Cuenta aquel que fue un espectáculo digno de filmarse. Que yo llegué y tomé de los hombros a Ramón, quien se sintió apapachado por mi alta humanidad. Ahora estoy medio gordo. Pero por aquellos días era más atlético y hasta me veía más alto. Que lo abracé y lo empecé a avanzar por el corredor majestuoso de la vieja presidencia. Dice que le pregunté que a quién quería para intercambio y que Ramón, con toda la inocencia del buen hombre que era, me repitió que le entregáramos a Rogelio Contreras, el hijo de Pancho. Que él nos soltaba al preso. Dice que le pedí de buen modo su sombrero y me lo puse. Puede ser, porque al día siguiente, cuando desperté, en el clavijero de la casa estaba su sombrero. A mí se me había caído el mío, pero se lo encasquetó Ramón.

Nos despedimos de la presidencia todos de muy buena manera, con la promesa en la bolsa de que el Figue iba a ser soltado en cuanto dejara de berrear y escandalizar. Nuestro secretario se las sabía de todas, todas. Se lanzó directo a informarle a éste del avance alcanzado. En cuanto el preso oyó que dependía de su propia cordura su liberación, de inmediato dejó de pegar de gritos y se sentó en una esquina de la celda, modosito y callado. Además ya iba transcurriendo el tiempo y el narcótico de las bebidas se iba disipando. Cuando Ramón pasó a verlo y lo miró tan humildito, ordenó que lo liberaran y que se lo entregaran a la sociedad de estudiantes.

Nuestro secretario no se retiró de barandilla hasta que quedó zanjado el último incidente de la zambra. Al día siguiente vino a casa, a visitarme. Quería ver cómo había amanecido yo y me trajo un alipuz para la cruda. También me trajo mi sombrero. Ramón se lo entregó, después de toda la sanfrancia, para que me lo devolviera. Pero con el encargo de que yo hiciera lo propio, pues por lo agitado del momento habíamos cruzado testas con sombrero ajeno. Por eso me acuerdo bien de que amaneció el sombrero del presidente en el clavijero de mi casa.

_ ¿Y qué año fue eso?

_ Te digo que esos detalles finos se los preguntes a los hermanos Negrete. Ellos registran esos datos y su filigrana interna. Yo no me acuerdo ya del año. Pero en pláticas posteriores es el Mel quien insiste en que fue en 1973. Puede ser.

_ ¿En qué se basa él para afirmar tal fecha y con esa seguridad?

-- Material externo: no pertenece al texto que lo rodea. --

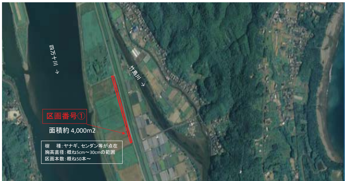
国土地理院図(電子国土Web)をもとに作成
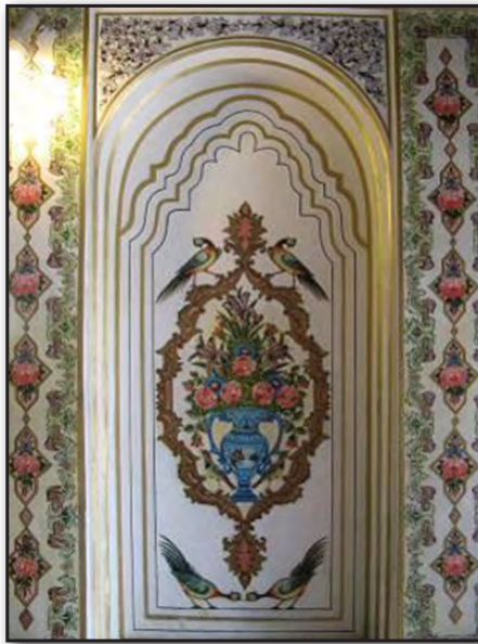
تصویر ۷. نقوش گل و مرغ بازسازی شده در عمارت نارنجستان قوام شیراز. Fig. 7. Designs of flower and bird reconstructed in Narenjestan Qavam mansion in Shiraz.
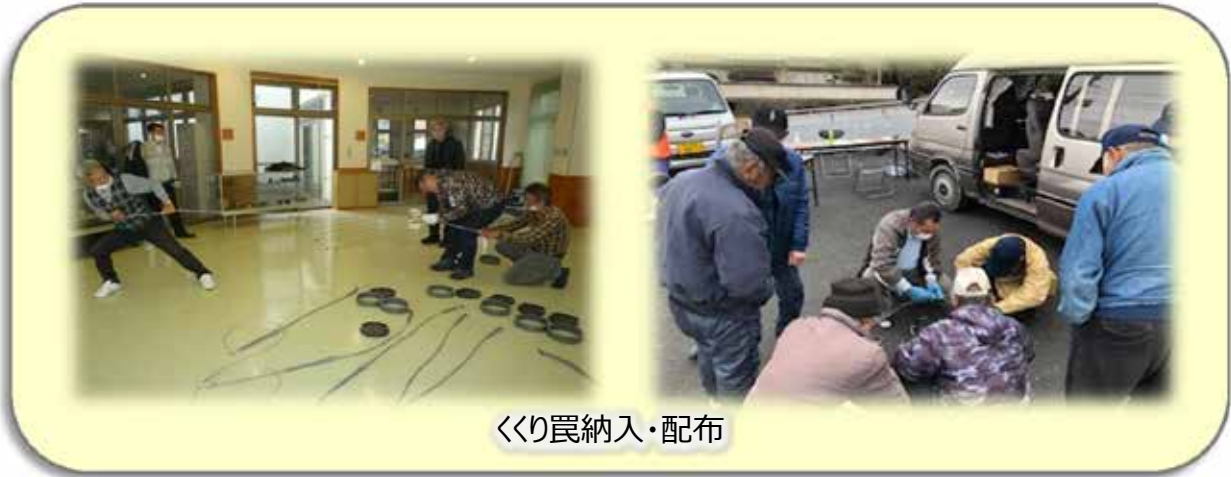
くくり罠納入・配布
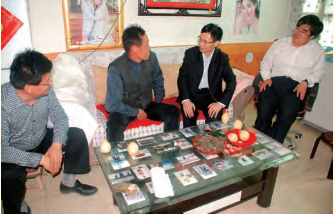
5月7日，副市长张海峰在子洲县裴家湾镇后小沟村党建联系点调研群众路线教育实践活动

_ Me da vergüenza comunicarte su razón. Pero te la voy a referir, dado que no lo vas a encontrar pronto y te urge imprimir esta historia. Él afirma que a la hora de las vivas y los chingados, cuando llegué al nombre de Allende empecé gritando su viva correspondiente. Pero dice que me frené de golpe y cambié el ‘viva’ por el ‘chingue a su madre’.

_ Sí, eso ya me lo contaste. Pero ¿por qué?

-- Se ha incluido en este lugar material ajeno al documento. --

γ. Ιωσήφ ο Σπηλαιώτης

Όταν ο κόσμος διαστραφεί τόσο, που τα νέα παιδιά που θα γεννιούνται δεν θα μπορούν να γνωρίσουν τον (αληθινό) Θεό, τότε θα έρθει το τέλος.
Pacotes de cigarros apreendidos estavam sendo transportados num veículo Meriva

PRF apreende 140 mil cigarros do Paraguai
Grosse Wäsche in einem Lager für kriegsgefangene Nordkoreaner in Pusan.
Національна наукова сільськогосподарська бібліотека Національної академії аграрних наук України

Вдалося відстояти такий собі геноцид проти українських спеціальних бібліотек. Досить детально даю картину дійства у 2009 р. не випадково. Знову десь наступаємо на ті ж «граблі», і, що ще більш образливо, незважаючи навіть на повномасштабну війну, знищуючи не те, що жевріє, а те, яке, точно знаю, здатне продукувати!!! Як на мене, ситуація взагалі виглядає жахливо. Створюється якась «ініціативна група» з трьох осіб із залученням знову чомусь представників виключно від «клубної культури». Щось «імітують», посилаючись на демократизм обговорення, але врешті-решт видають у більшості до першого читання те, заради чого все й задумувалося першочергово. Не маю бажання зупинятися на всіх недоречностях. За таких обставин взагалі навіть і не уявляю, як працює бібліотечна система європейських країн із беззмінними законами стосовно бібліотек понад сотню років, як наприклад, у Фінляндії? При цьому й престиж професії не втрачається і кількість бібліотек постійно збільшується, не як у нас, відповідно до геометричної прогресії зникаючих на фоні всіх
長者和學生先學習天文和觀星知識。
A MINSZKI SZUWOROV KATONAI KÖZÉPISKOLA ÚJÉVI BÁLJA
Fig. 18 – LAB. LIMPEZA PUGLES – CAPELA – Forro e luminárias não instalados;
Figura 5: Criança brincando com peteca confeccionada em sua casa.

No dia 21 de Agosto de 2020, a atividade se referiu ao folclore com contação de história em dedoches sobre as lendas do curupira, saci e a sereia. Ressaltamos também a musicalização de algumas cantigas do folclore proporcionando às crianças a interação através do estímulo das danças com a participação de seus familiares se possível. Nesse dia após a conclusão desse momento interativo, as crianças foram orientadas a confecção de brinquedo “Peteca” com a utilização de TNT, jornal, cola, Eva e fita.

_ Pues esto es lo fino del asunto. Dice que no fue sólo por la hilaridad del momento, o por quedar bien con la broza. Yo estudiaba con los tecos. Él afirma que esa universidad no era tal sino un enclave anticomunista; que nos la pasábamos revisando a todos los luchadores sociales y descalificándolos. Para los tecos, dice, Salvador Allende era por esos días su pluma de vomitar. Pues ocurrió que el once de septiembre de ese año Pinochet dio su famoso golpe de estado y lo asesinó. El asunto estaba calientito. Apenas habían transcurrido cuatro días de aquel famoso cuartelazo.

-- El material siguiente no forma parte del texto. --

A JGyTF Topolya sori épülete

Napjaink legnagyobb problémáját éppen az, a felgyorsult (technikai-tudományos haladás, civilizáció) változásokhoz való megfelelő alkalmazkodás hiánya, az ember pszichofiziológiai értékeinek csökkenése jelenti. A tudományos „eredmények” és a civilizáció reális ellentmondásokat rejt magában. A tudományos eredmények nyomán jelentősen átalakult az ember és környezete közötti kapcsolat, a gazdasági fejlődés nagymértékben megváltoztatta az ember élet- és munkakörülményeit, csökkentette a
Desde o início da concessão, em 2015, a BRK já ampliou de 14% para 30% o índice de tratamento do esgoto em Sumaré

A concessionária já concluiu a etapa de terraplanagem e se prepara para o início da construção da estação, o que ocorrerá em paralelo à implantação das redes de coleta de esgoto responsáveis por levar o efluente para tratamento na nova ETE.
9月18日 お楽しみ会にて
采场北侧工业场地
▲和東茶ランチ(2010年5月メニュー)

Como yo andaba borracho, me traicionó el subconsciente. Es su tesis. Y en lugar de gritar el ‘viva’ para Allende, lo asocié con el presidente chileno recién sacrificado y le menté su madre. Luego le menté la suya a Echeverría y también a Ramón Acosta. Y sostiene que ahí estuviera todavía mentando madres a todos los que representen alguna autoridad, si Ramón no hubiera dado la orden de detenernos, que fue lo que puso fin a esa singular fiesta del grito. Si es cierta su teoría. Dime tú si no tengo motivo suficiente para avergonzarme y ya no querer volver a acordarme de los detalles de tal historia, aunque sea una de las más regocijadas que nos han ocurrido como comuna ¿No te parece?